Dataset entries:
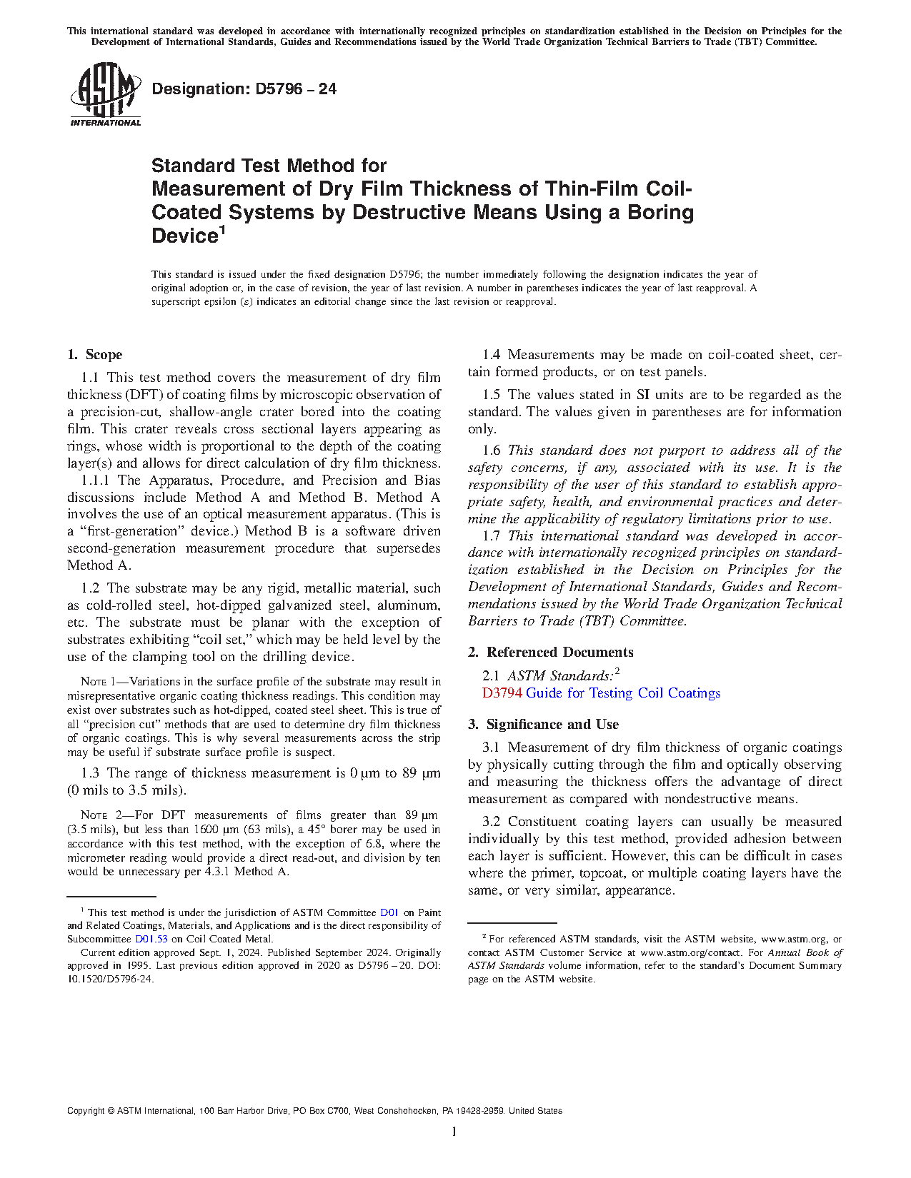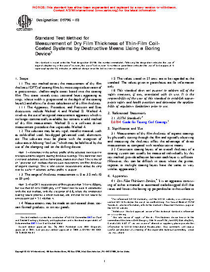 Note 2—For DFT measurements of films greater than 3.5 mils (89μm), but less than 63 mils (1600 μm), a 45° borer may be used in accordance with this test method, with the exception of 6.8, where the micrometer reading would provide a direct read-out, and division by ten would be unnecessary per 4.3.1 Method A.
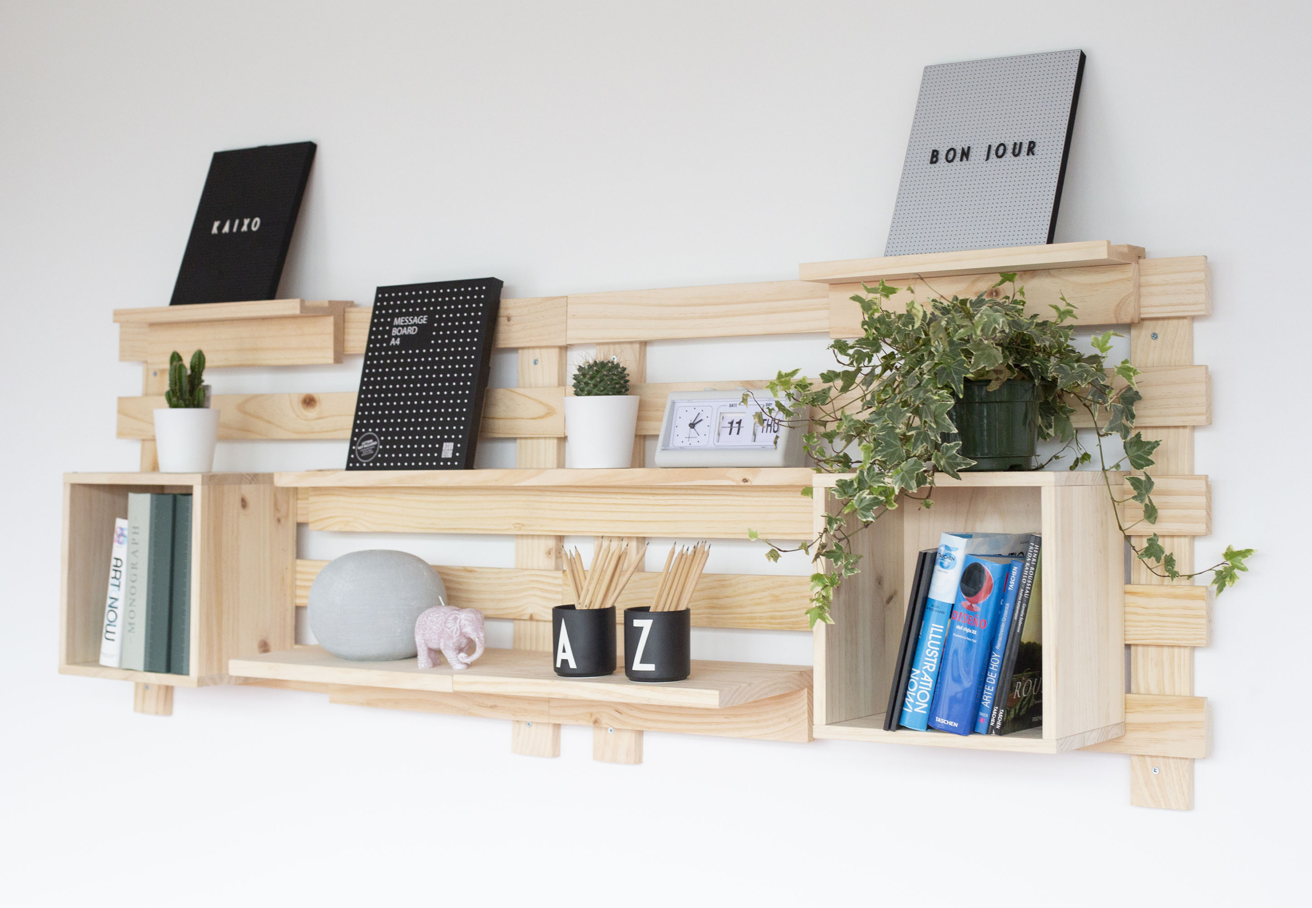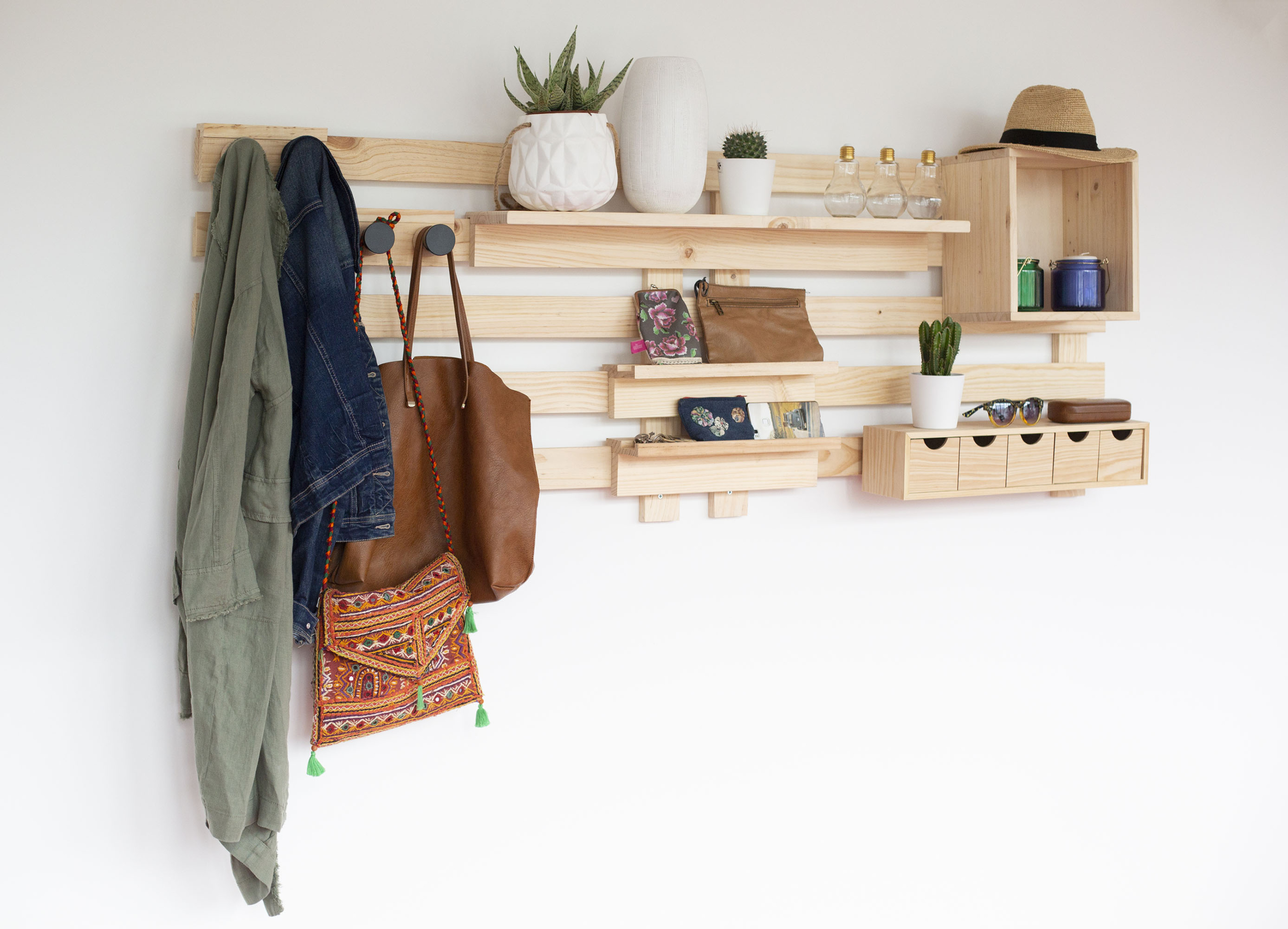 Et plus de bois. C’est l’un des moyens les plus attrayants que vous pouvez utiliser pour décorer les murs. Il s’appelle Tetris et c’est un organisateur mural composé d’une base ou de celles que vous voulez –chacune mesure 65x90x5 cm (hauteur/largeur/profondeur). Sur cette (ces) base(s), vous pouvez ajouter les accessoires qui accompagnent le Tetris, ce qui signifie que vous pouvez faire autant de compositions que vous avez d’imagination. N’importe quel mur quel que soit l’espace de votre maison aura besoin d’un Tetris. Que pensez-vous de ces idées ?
* * *
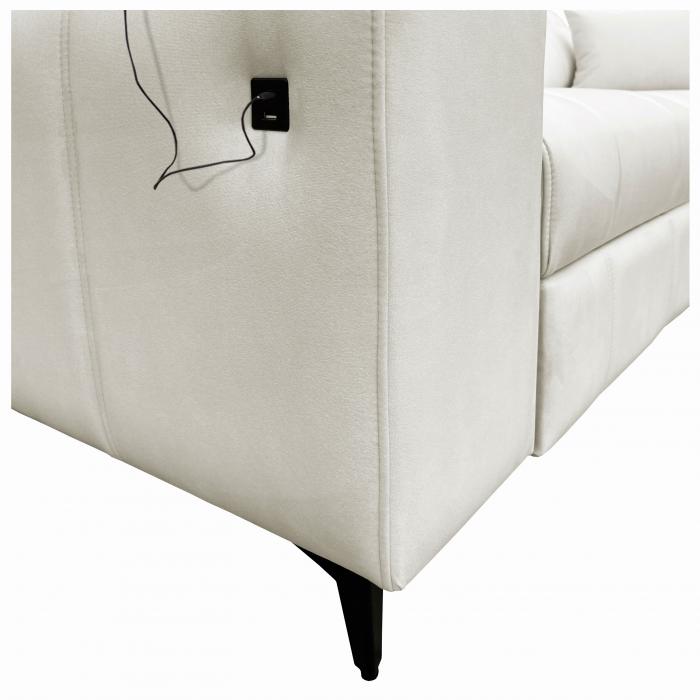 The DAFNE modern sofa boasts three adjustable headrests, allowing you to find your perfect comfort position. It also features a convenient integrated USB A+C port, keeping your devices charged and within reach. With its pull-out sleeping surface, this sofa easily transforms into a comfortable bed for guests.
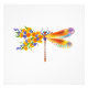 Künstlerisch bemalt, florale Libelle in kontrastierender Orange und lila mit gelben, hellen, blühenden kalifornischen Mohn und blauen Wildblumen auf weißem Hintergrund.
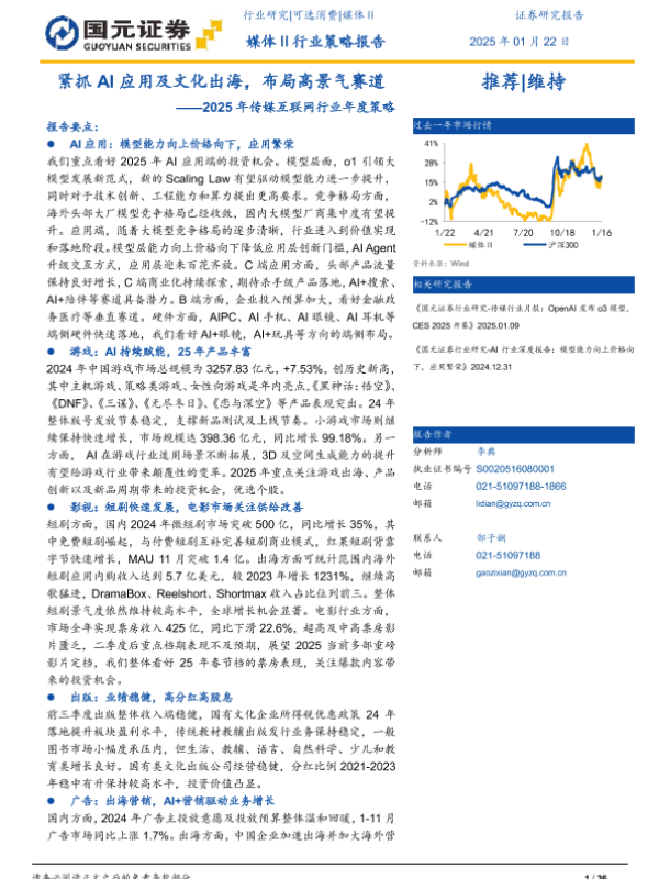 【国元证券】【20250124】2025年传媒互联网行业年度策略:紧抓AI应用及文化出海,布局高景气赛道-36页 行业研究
---
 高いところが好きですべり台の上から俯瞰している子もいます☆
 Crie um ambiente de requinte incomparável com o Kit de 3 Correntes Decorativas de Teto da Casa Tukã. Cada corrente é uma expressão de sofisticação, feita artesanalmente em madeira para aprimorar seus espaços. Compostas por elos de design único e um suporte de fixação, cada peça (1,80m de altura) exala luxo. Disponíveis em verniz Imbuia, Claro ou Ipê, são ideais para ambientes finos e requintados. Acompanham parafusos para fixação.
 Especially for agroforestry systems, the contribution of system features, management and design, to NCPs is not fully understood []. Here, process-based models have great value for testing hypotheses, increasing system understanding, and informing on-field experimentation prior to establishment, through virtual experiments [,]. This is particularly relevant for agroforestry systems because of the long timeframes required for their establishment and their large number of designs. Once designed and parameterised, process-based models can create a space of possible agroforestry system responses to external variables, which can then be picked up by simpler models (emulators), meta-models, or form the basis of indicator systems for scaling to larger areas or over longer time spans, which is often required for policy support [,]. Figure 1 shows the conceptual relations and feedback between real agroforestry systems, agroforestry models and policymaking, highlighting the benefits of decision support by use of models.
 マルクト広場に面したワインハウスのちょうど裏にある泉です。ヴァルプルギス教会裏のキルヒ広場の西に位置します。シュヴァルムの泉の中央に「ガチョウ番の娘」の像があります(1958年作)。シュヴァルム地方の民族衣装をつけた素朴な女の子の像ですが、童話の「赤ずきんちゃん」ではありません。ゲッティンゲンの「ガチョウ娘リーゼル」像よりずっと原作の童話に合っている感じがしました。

What you have to do: Exactly the lines above from the one that contains "Note 2—For DFT" down to the one that contains "Et plus de bois." are to be output, both ends kept and pictures omitted.

Exercise response:
 Note 2—For DFT measurements of films greater than 3.5 mils (89μm), but less than 63 mils (1600 μm), a 45° borer may be used in accordance with this test method, with the exception of 6.8, where the micrometer reading would provide a direct read-out, and division by ten would be unnecessary per 4.3.1 Method A.
 Et plus de bois. C’est l’un des moyens les plus attrayants que vous pouvez utiliser pour décorer les murs. Il s’appelle Tetris et c’est un organisateur mural composé d’une base ou de celles que vous voulez –chacune mesure 65x90x5 cm (hauteur/largeur/profondeur). Sur cette (ces) base(s), vous pouvez ajouter les accessoires qui accompagnent le Tetris, ce qui signifie que vous pouvez faire autant de compositions que vous avez d’imagination. N’importe quel mur quel que soit l’espace de votre maison aura besoin d’un Tetris. Que pensez-vous de ces idées ?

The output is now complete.